_Given material:_
<<<<
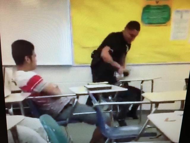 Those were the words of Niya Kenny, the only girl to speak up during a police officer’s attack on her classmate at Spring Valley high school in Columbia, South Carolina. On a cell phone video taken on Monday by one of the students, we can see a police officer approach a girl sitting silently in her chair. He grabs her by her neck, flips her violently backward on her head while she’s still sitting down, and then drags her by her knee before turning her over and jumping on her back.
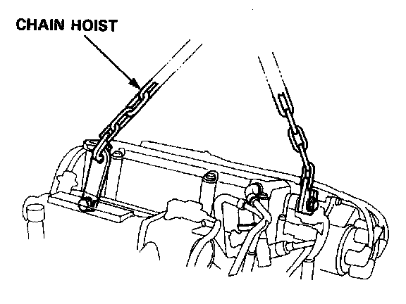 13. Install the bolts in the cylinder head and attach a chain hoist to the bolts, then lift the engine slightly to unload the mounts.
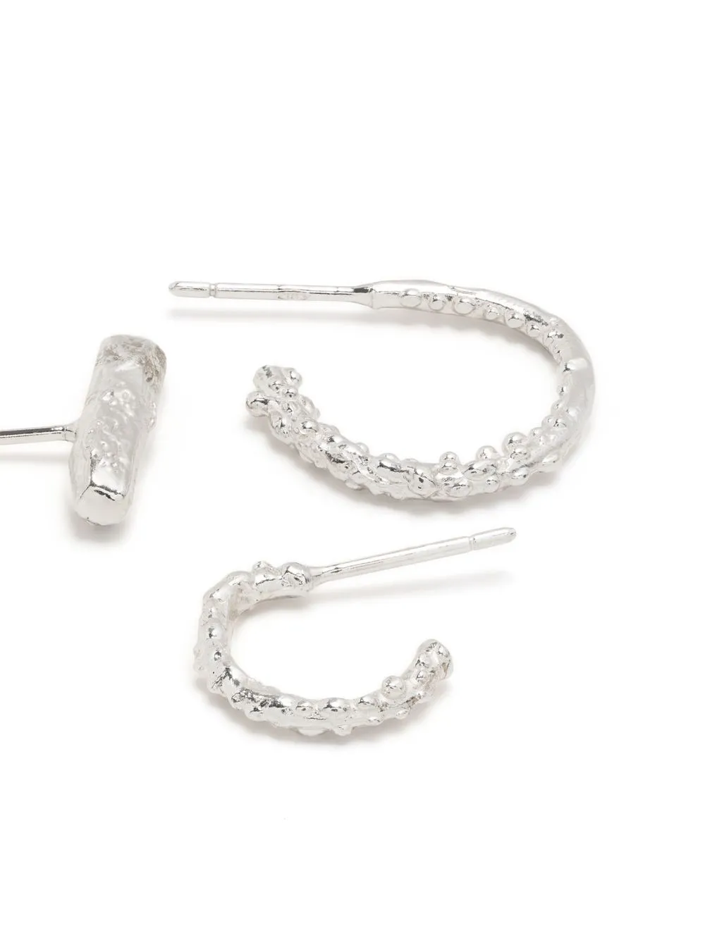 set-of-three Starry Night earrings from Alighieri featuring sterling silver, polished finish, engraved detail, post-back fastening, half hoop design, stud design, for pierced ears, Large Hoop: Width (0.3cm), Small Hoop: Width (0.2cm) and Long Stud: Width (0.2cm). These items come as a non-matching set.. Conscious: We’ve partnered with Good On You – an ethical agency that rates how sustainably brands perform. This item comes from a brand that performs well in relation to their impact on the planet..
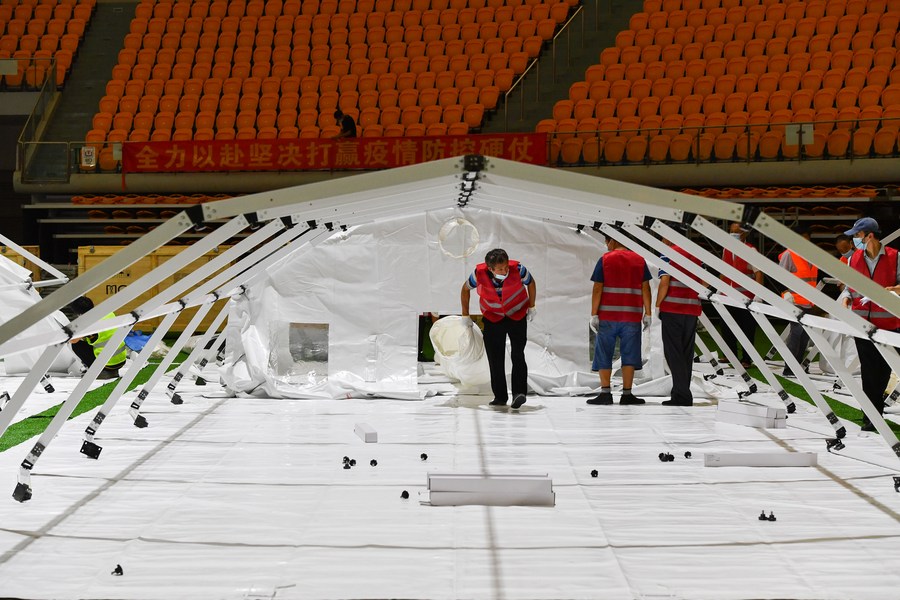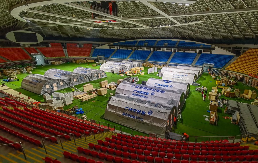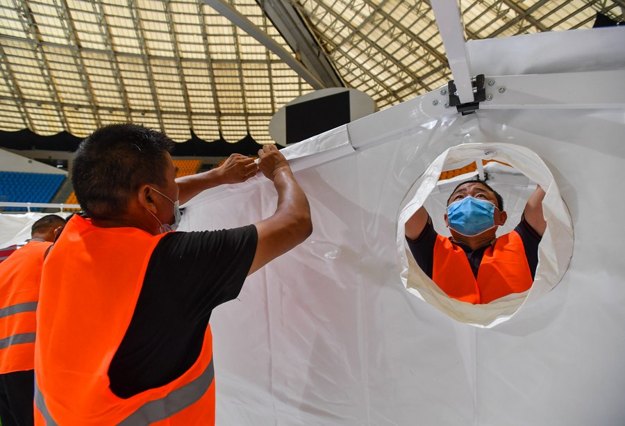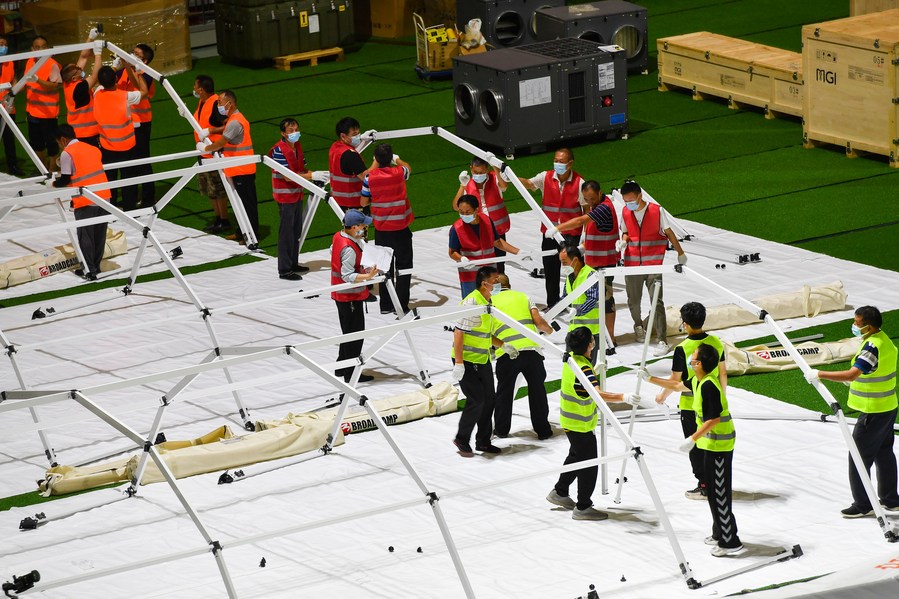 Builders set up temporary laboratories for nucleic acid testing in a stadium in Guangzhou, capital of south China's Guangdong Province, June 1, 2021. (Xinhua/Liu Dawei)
>>>>
_What you should do:_
Pictures excluded, repeat the material above from its first line through the line containing "13. Install the", both included.

_Expected answer:_
 Those were the words of Niya Kenny, the only girl to speak up during a police officer’s attack on her classmate at Spring Valley high school in Columbia, South Carolina. On a cell phone video taken on Monday by one of the students, we can see a police officer approach a girl sitting silently in her chair. He grabs her by her neck, flips her violently backward on her head while she’s still sitting down, and then drags her by her knee before turning her over and jumping on her back.
 13. Install the bolts in the cylinder head and attach a chain hoist to the bolts, then lift the engine slightly to unload the mounts.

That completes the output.